Myopsalta albiventris

Scientific classification
- Kingdom: Animalia
- Phylum: Arthropoda
- Clade: Pancrustacea
- Class: Insecta
- Order: Hemiptera
- Suborder: Auchenorrhyncha
- Family: Cicadidae
- Genus: Myopsalta
- Species: M. albiventris
- Binomial name: Myopsalta albiventris Popple, 2017

= Myopsalta albiventris =

- Genus: Myopsalta
- Species: albiventris
- Authority: Popple, 2017

Species of cicada

Myopsalta albiventris is a species of cicada, also known as the pale-bellied buzzer, in the true cicada family, Cicadettinae subfamily and Cicadettini tribe. It is endemic to Australia.

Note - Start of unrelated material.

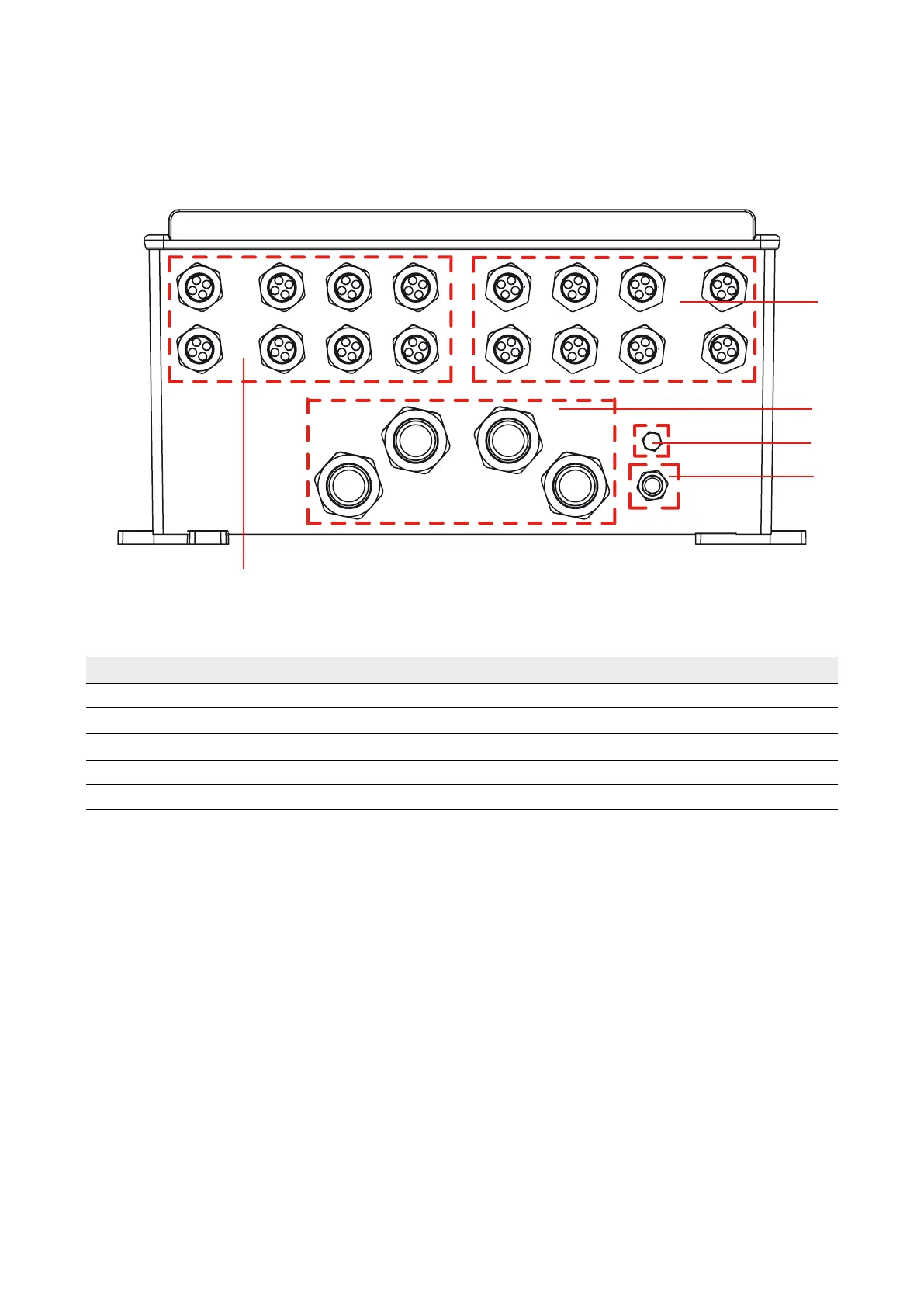 Abbildung 12: Ansicht der Combiner Box mit Kabelverschraubungen von unten (Beispiel)

It was described in 2017 by Australian entomologist Lindsay Popple.

==Etymology==
The specific epithet albiventris is derived from Latin albus (white) and venter (belly), referring to the cicadas’ pale sternites.

==Description==
The length of the forewing is 16–17 mm.

==Distribution and habitat==
The species occurs in southern Queensland, from Clermont south and east to Mount Moffatt, Biggenden, Mount Lindesay and Kyogle, with an isolated population near Singleton in central New South Wales. The holotype specimen was collected in the Expedition Range National Park. Associated habitats include grassland with scattered trees and grassy woodland.

==Behaviour==
Adult males may be heard from September to February, after rain, clinging to grass stems, uttering rapid, high-pitched, chirping calls.